Within trawl samples, a large range of body sizes was collected, with a wide variety of wet weights and water contents. The largest contributors to wet weight, dry weight, or carbon content were not necessarily the most numerically abundant taxa. For example, cnidarians have higher water content (95%) compared to fishes (80%) (Table ST1). As a result, in three of four trawls where we estimated carbon compositions, hard-bodied crustacean and fishes were the highest metazoan contributors. Cnidarians and ctenophores comprised a substantial proportion of Tucker trawl wet weight biomass, but contributed less to dry weight and carbon content (Figure 3).
Estimating microbial and metazoan biomass and comparing biomass between two trawl types illustrates how sampling methods can substantially affect our perceptions of community composition. Biomass estimates from Tucker trawl samples were substantially higher than those from the MOCNESS, and thus microbes comprised a smaller percentage (< 10%) of community biomass, compared to MOCNESS samples. Using MOCNESS data, therefore, would suggest that microbes represent more than half of the community carbon, whereas based on Tucker trawl data, microbes represent 7x less than carbon from metazoans. The large difference in microbial carbon contributions between the MOCNESS and Tucker trawls highlights the need to understand how sampling gear affects biomass estimates before extrapolating such estimates to regional or global scales.
Sampling Gear Performance
Given the concurrent sampling design we employed, we were able to co-collect samples and account for spatio-temporal shifts in community composition. Thus, the pronounced differences in community composition and biomass were likely driven by differences in gear performance between the three sampling approaches. Inherent biases and gear performance differ across sampling approaches and directly affects the types and abundances of animals captured. For net tow systems, it is well known that towing speed and mesh and mouth size can influence both trawl performance and catch composition (Broughton and Lough, 2006; Skjoldal et al., 2013; Kwong et al., 2018; Giachini Tosetto et al., 2019). In this study, the Tucker trawl and MOCNESS were both towed at 1.5 knots to facilitate the collection of gelatinous animals and minimize the possibility that towing speed itself contributed to taxonomic differences between sampling techniques.
Differences in composition and overall biomass between the MOCNESS and Tucker trawls were likely driven by differences in the physical structure of the net tow systems.
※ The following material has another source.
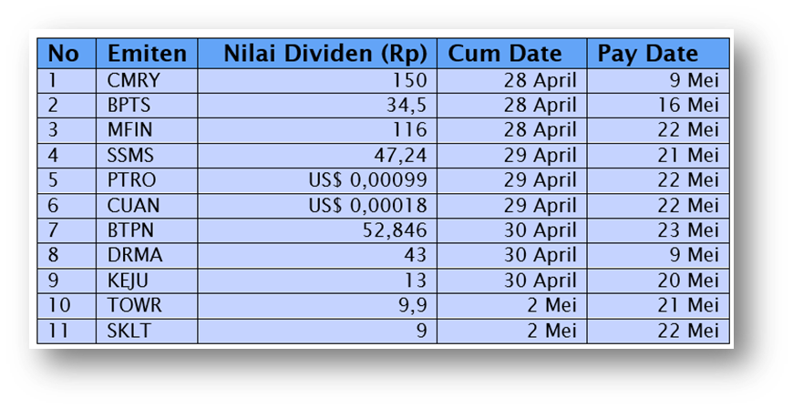 Berdasarkan data Bursa Efek Indonesia (BEI), tiga emiten akan menggelar cum dividen di pasar regular dan pasar tunai Senin (28/4/2025), yaitu PT Cisarua Mountain Dairy Tbk (CMRY) atau Cimory, PT Bank BTPN Syariah Tbk (BTPS), dan PT Mandala Multifinance Tbk (MFIN). Hari berikutnya, Selasa (29/4/2025), tiga emiten kembali menggelar cum dividen PT Sawit Sumbermas Sarana Tbk (SSMS), PT Petrosea Tbk (PTRO), dan PT Petrindo Jaya Kreasi Tbk (PTRO).

First, the Tucker trawl had a larger mouth area and much more gradual taper than the MOCNESS, which may account for some differences in catch composition. Although we did not examine the size structure of specimens in this study, it is possible that larger, more active micronekton were able to avoid the smaller MOCNESS frame compared to the Tucker trawl. However, the primary differences we found in community composition between trawl methods were related to hard-bodied versus soft-bodied animals, which is not likely to be explained by mouth area.
It is more probable that differences in net mesh size and cod-end size and structure between the Tucker trawl and MOCNESS contributed to differences in catch composition. Previous studies have demonstrated differences in zooplankton community composition based on trawl mesh sizes (Skjoldal et al., 2013; Hosia et al., 2017; Giachini Tosetto et al., 2019). Finer mesh retains smaller organisms but decreases overall filtration volume and may therefore increase the avoidance of mobile animals. In this study, the Tucker trawl fore-net was ~4x the length of the MOCNESS net but was tapered, with a smaller mesh size than the MOCNESS. This design was used to reduce filtration pressure on the net, which minimizes the extrusion of animals out of the net compared to the MOCNESS. Thus, the Tucker trawl was better equipped for keeping gelatinous animals intact and extruded fewer animals from the net.
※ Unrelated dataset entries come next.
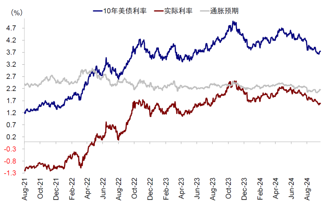 图表11:实际利率回落至1.4%~1.5%,对应10年期美债利率回落到3.5%~3.6%左右
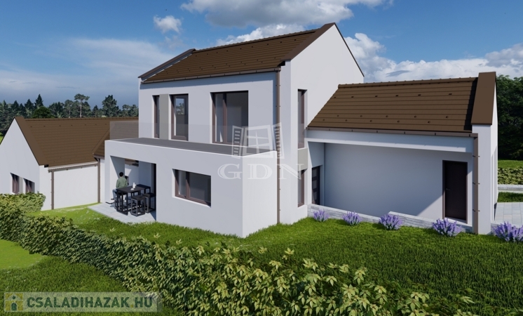 Parkolás: saját 36 nm-es dupla garázs, elektromos kapu előkészítés.
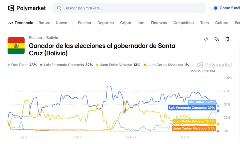 El comportamiento del mercado se produce en medio de la disputa política entre Camacho y JP. Sin embargo, aunque Ritter aparece como favorito en la plataforma, las proyecciones de mercados de predicción no constituyen ni garantizan el resultado final en las urnas.

The styles of cod-ends also likely contributed to differences in community composition between trawl methods. The Tucker trawl was equipped with a large (30 L), insulated cod-end with closing capabilities (Childress et al., 1978). The cod-end was closed at a specific depth, allowing the contents of the trawl to be brought up to the surface at a temperature similar to the seawater temperature at the collection depth (Childress et al., 1978) and with minimal damage during the long recovery to the surface. The thermal insulation of trawl contents increases the likelihood that certain taxa, specifically fragile medusae, siphonophores, and ctenophores are recovered intact. In contrast, each net for the MOCNESS was equipped with a standard cod-end that was not insulated or closed when the net was shut. Additionally, MOCNESS nets are collapsed, so the upper and lower surfaces of the nets abrade against each other, and the organisms may be repeatedly washed in and out of the open cod-ends. The trawl contents in the MOCNESS were more likely to be damaged as the net travels through the water column before it retrieved at the surface.
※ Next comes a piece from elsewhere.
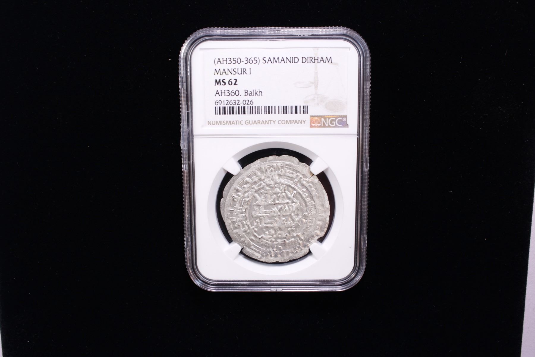 SAMANID: Mansur I, 961-976, AR dirham (3.43g), Balkh, AH360, A-1466, NGC graded MS62.

The insulated cod-end and fine mesh on the Tucker trawl likely contributed to the greater taxonomic similarities with ROV compared to the MOCNESS samples. The Tucker trawl, similar to the ROV video, was able to capture many fragile animals, which is evidenced by the higher abundance of gelatinous taxa. These results differ from previous studies indicating catch composition from midwater trawls is dominated by fishes (e.g., Davison et al., 2013) and may be driven by differences in the cod-ends, mesh size, or towing speed between studies. Since ROV sampling was non-destructive, it was the only method that captured the most physically delicate taxa, such as certain species of physonect siphonophores, ctenophores (particularly lobates), and larvaceans. However, ROV-based methods likely under-sample visual predators, highly mobile animals, and animals that are deterred by (or oversample those attracted to) the ROV’s bright lights and considerable noise. Further, ROVs under-sample small zooplankton that are difficult to visually detect on video, especially while the vehicle is in motion as was the case for data collection here. While the MOCNESS was clearly dominated by hard-bodied crustaceans, and the ROV videos were dominated by soft-bodied animals, the Tucker trawl captured the highest number of taxonomic orders and families, including some delicate taxa.
Conclusions
There are numerous challenges to collecting diverse zooplankton and micronekton assemblages and no single sampling approach is adequately suited to capture the entire community. Therefore, a variety of approaches have been developed to target specific taxa and ecosystems. Here we provided a comparison based on a limited number of samples. Our results demonstrate that sampling approach substantially influences quantification of community composition. Video and Tucker trawls are sampling methods that highlight the diversity and abundance of gelatinous organisms that are often destroyed using a MOCNESS approach, whereas MOCNESS trawls capture a higher biomass of crustaceans. The MOCNESS is also convenient for sampling many discrete layers of the water column, unlike single-net trawl systems. Beyond taxonomic differences, our biomass estimates in Tucker trawl samples were an order of magnitude higher than estimates from MOCNESS samples. Our results illustrate that the relative importance of microbes to overall community biomass and carbon content are highly dependent on the method used to sample the community.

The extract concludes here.